Step 3. inspect the output files

If Step 2 succeeds, you can see the outputs under ../monkey-results/ (i.e., /home/themis/the-themis-benchmark/monkey-results).

$ cd ../monkey-results/
$ ls
  ActivityDiary-1.1.8-debug-#118.apk.monkey.result.emulator-5554.Android7.1#2020-06-24-20:39:27/         # the output directory
$ cd ActivityDiary-1.1.8-debug-#118.apk.monkey.result.emulator-5554.Android7.1#2020-06-24-20:39:27/
$ ls
  coverage_1.ec   # the coverage data file  (used for computing coverage)
  coverage_2.ec 
  install.log     # the log of app installation
  logcat.log      # the system log of emulator (this file contains the crash stack traces if the target bug was triggered)
  monkey.log      # the log of Monkey (including the events that Monkey generates)
  monkey_testing_time_on_emulator.txt  # the first line is the starting testing time, and the second line is the ending testing time

How to validate: If you can see all these files and these files are non-empty (use ls -l to check), the quick test succeeds. Note that the number of coverage data files (e.g., coverage_1.ec) varies according to the testing time. In practice, Themis notifies an app to dump coverage data every five minutes. Please note that the outuput files of different testing tools may vary (but all the other tools have these similar types of output files like Monkey).

Detailed Instructions

I. The supported tools

Themis now supports and maintains 6 state-of-the-art fully-automated testing tools for Android (see below). These tools can be cloned from Themis's repositories and are put under the-themis-benchmark/tools.
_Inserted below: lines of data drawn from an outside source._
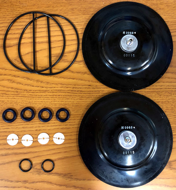 Dual-diaphragm rebuild kit for UDP6 6 CFM chemical duty diaphragm pumps.
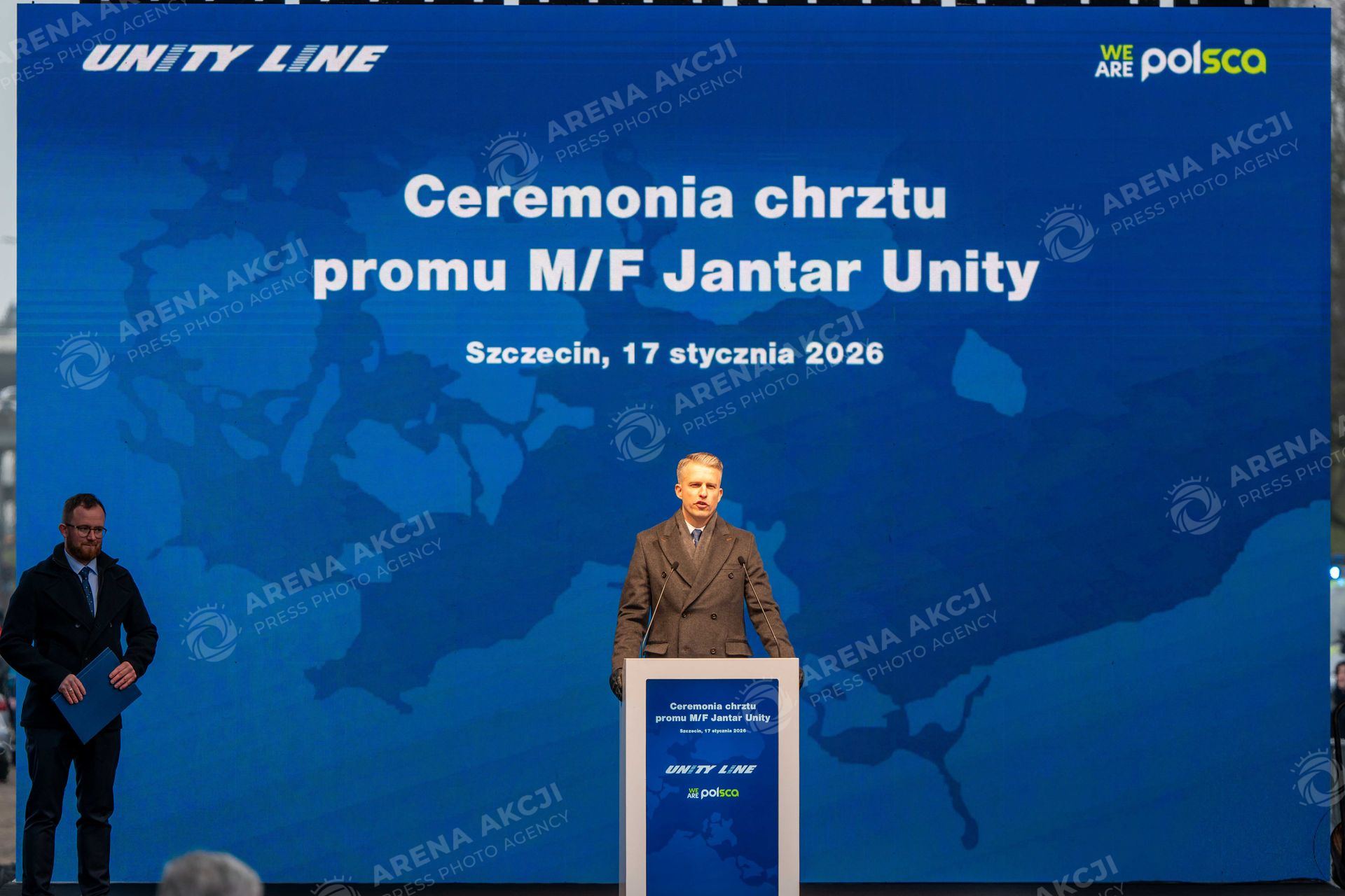 Szczecin 17.01.2026 Waly Chrobrego Ceremonia chrztu nowego promu Jantar Unity a najwiekszej i najnowoczesniejszej jednostki polskiej floty promowej. N/Z Prom Jantar Unity konferencja prasowa Fot. Marcin Jasinski/Arena Akcji
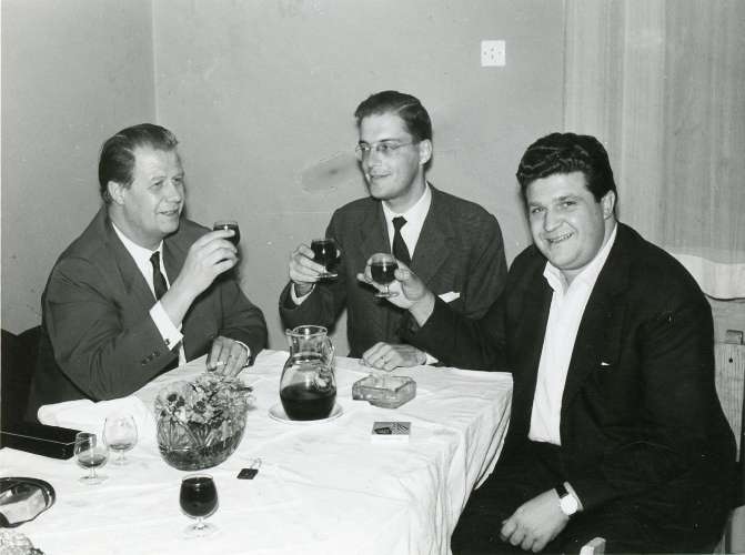 Pavle Merkù con Samo Hubad e la moglie Dana Hubad in occasione della esecuzione di Von der kindesmörderin Marie Farrar

Note that these tools are the modified/enhanced versions of their originals because we coordinated with the authors of these tools to assure correct and rigorous setup (e.g., report the encountered tool bugs to the authors for fixing). We tried our best efforts to minimize the bias and ensure that each tool is at "its best state" in bug finding (see Section 3.2 in the Themis's paper).

Specifically, we track the tool modifications to facilitate review and validation. We spent slight efforts to integrate Monkey, Ape, Humanoid and Q-testing into Themis. Combodroid was modifled by its author and intergrated into Themis, while TimeMachine was modified by us and later verified by its authors (view this commit to check all the modifications/enhancements made in TimeMachine).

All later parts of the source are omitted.